During postseason, he was the sole Hanshin player selected to join the Samurai Japan roster and participate in a 3-game series against Chinese Taipei. He contributed to Japan's victory (4–2) on the November 9 game by striking out 2 batters in the 7th inning, throwing his fastest at 151 km/h.

In 2014, During spring camp in mid-February, he was taken to a hospital after practices after he started feeling discomfort in his right elbow. He underwent rehabilitation, and only managed to return to practices in May. For several more months, he trained with the second squad until he appeared in his first official match on September 19 vs. the Chunichi Dragons.

He only appeared in 6 games during the season, but helped the Tigers sweep the Giants by pitching 2 shutout innings in relief in games 3 & 4 of the Climax Series.

In 2015, Matsuda started the year with a blast when he pitched in relief during the season opener with the Dragons. With the game tied at 4–4, he pitched a shutout 10th inning and recorded the win when Matt Murton successfully hit the tiebreaker, and the Tigers notched their first victory for the season, and their first walk-off win in 74 years. He again held the 10th inning scoreless on the next day, and once again, the Tigers scored on a deadball pitch to Sekimoto, and became the 8th team in NPB history to win back-to-back walk-off victories in their first two games of the season.
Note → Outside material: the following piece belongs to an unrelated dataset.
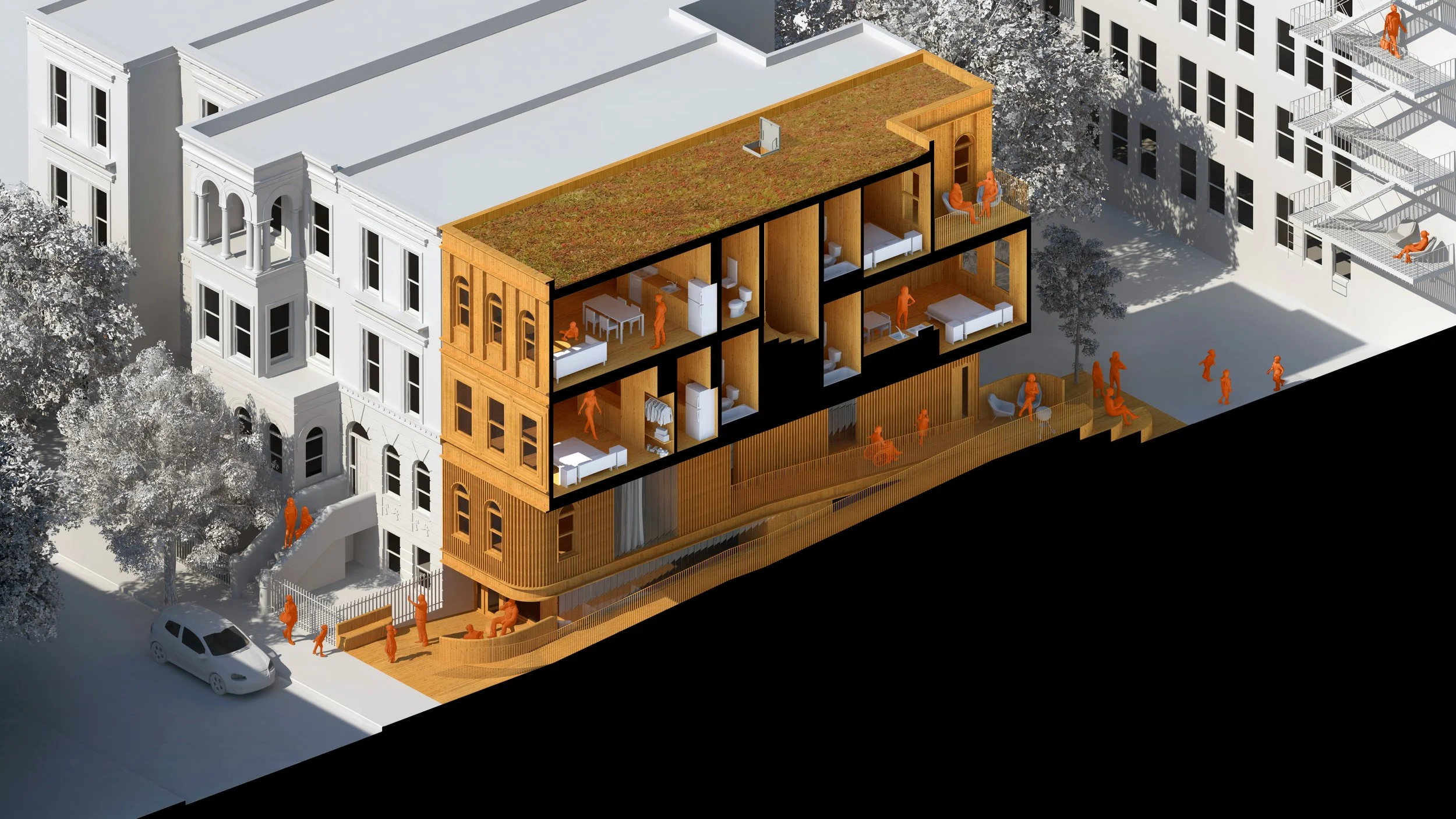 Bringing material warmth and softness to the hardscaped neighborhoods of Harlem NY, Neighborwood utilizes cross-laminated timber technology for both ease of construction and high environmental performance.

With this, Matsuda became the 6th pitcher in NPB to record 2 wins in the season opening card (2nd Tigers pitcher since Fujimura Takao in 1953), and the 3rd pitcher (first in franchise history) to record the victories on back-to-back days.

In 2016 season, he returned from July due to the pain in his right shoulder. he finished the regular season with a 22 Games pitched a 1–0 Win–loss record, a 1.00 ERA, a one Holds, a 26 strikeouts in 27 innings.

In 2017 season, he finished the regular season with a 26 Games pitched a 1–2 Win–loss record, a 5.05 ERA, a one Holds, a 33 strikeouts in 35 2/3 innings.

===Fukuoka SoftBank Hawks===
On July 26, 2018, Matsuda moved to the Fukuoka SoftBank Hawks on an exchange trade with Yuya Iida.

In 2019 season, he finished the regular season a 51 Games pitched as a relief pitcher with a 2–4 Win–loss record, a 3.81 ERA, a 5 Holds, a 57 strikeouts in 52 innings.

On December 2, 2020, Matsuda become a free agent. On December 30, 2020, he announced his retirement.

==Playing style==
With a three-quarter delivery, his pitches are clocked at an average 145 km/h, his fastest being a 152 km/h fastball. Breaking balls that are up his arsenal are sliders, slow curves and the occasional change-ups. Although he has the confidence to throw sharp inside pitches, he has yet to improve on his stability and control.